Cristin is a digital information register containing results from R&D and artistic development projects. It is used by higher education institutions, research institutes and the health sector.
Here we present what you as a researcher should register in Cristin, why it is important and how you proceed. We also explain the annual reporting of results to the Ministry of Education called the NVI-reporting.
Many stakeholders are actively browsing for information about your research activity through your Cristin profile:
- Researchers looking for new partners
- The committee assessing your application for research funding
- Journalists looking for specialists in specific subject areas
Therefore, maintain a comprehensive and updated research profile in Cristin – it serves you!
Upload a professional photo
- Go to Researchers > My profile > Edit profile > General > Edit picture > Upload picture.
- Go to Researchers > My Profile > Edit Profile > General > Edit General > fill in phone, email, website and more.
Make a list of your main publications
- Go to Researchers > My Profile > Edit Profile > Academic works registered to person > Add academic work > browse for the publications you consider your most important. Search by title or Cristin entry code (this must be noted in advance) > Add.
- The publications will then appear on your profile under a link titled Main scientific works > Link to main publications page.
- You cannot upload a pre-made resume to your profile page, but if you fill in the fields in your Cristin researcher profile, it will appear as a link to your resume on your profile page.
- Go to Researchers > My Profile > Edit Profile > Curriculum Vitae > Add Education > Add Work Experience > Add Membership (meaning board membership, editorial membership or referee) > Add Counselling.
Academic disciplines, subjects, regions and countries
- Enter keywords that describe your expertise. Thus, your profile becomes more informative and you will appear in searches. When adding keywords, preferably use the key words in KUC's expert list.
- If you need to describe your expertise with keywords that are not to be found in our expert list and/ or in Cristin, then you can create a new keyword in Cristin. Please report the keywords to Forskadm@kristiania.no and we will add them to our experts list.
- Go to Researchers > My Profile > Edit Profile > Academic Discipline, Subject, Country, Region linked to person > Add keywords.
- A doctoral thesis is registered in Cristin as a result, but this does not make it visible on your profile page. You make the thesis visible by mentioning it on your profile page.
- Go to Researchers > My profile > Edit profile > General > Edit general > Background > Enter a description of your doctoral thesis in Norwegian and English.
- If you have had assignments as a peer reviewer, you may register this on your CV in Cristin.
- Go to Researchers > My Profile > Edit Profile > Curriculum Vitae > Add membership > Referee
- If you have had assignments as a supervisor, you may register this on your CV in Cristin.

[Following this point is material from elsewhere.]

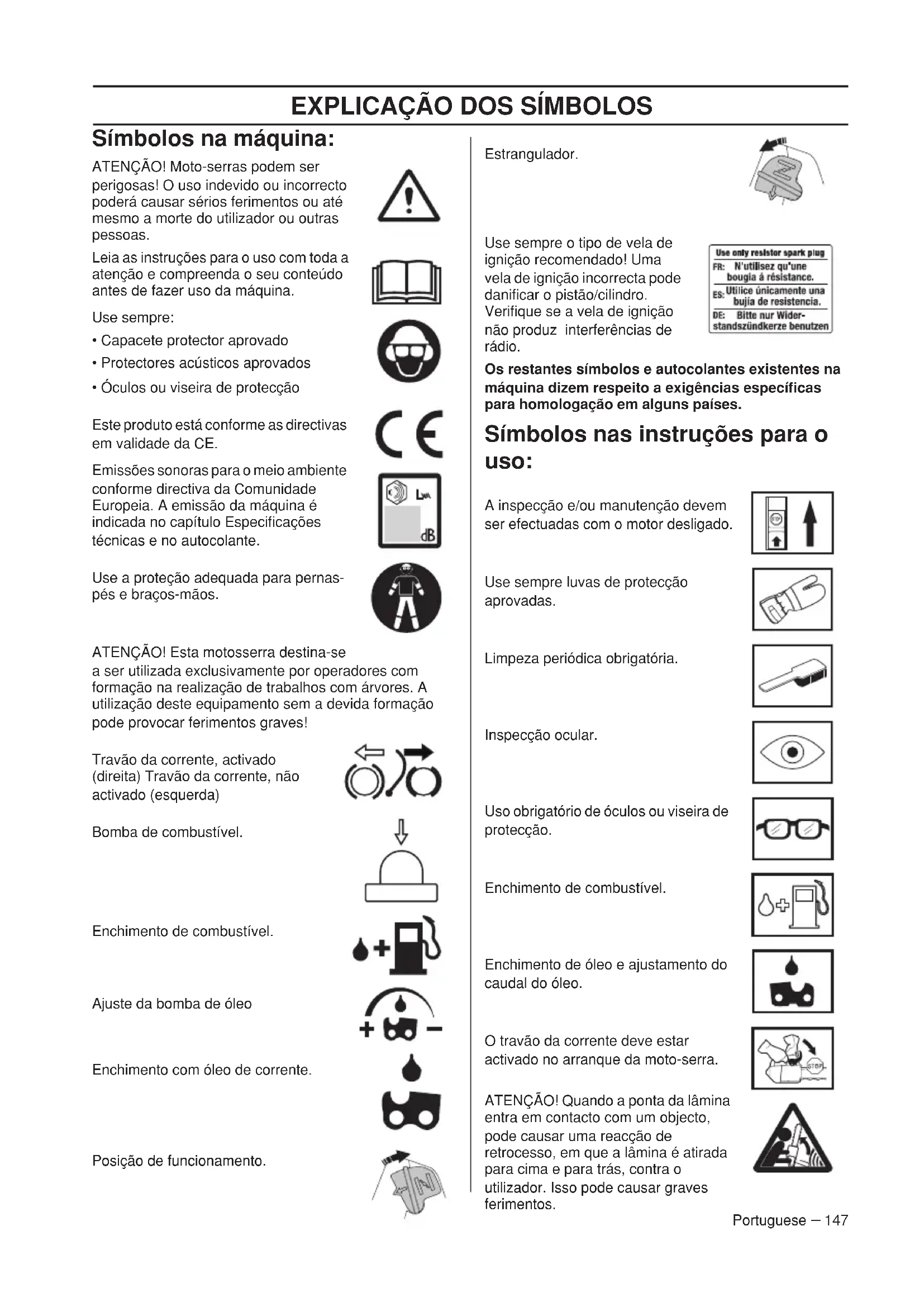 Portuguese – 147 Símbolos na máquina: ATENÇÃO! Moto-serras podem ser perigosas! O uso indevido ou incorrecto poderá causar sérios ferimentos ou até mesmo a morte do utilizador ou outras pessoas. Leia as instruções para o uso com toda a atenção e compreenda o seu conteúdo antes de fazer uso da máquina. Use sempre:

- Go to Researchers > My Profile > Edit Profile > Curriculum Vitae > Add Counselling.
- If you have received awards, they will be displayed on your profile page if you register them under the annual report entry in the menu on the left side in Cristin.
- Go to Annual Reporting > Awards > New Award > Enter your award.
- If you have exchanged to a partner institution as a visiting scholar, this can be made visible on your profile by registering it under the annual report entry in the menu on the left side in Cristin.
- Go to Annual Reporting > Research visit > New research visit > Post your research visit.
Scholarly publications must be registered in Cristin as soon as they are published, and no later than the 1st of February the following year after the publication was published.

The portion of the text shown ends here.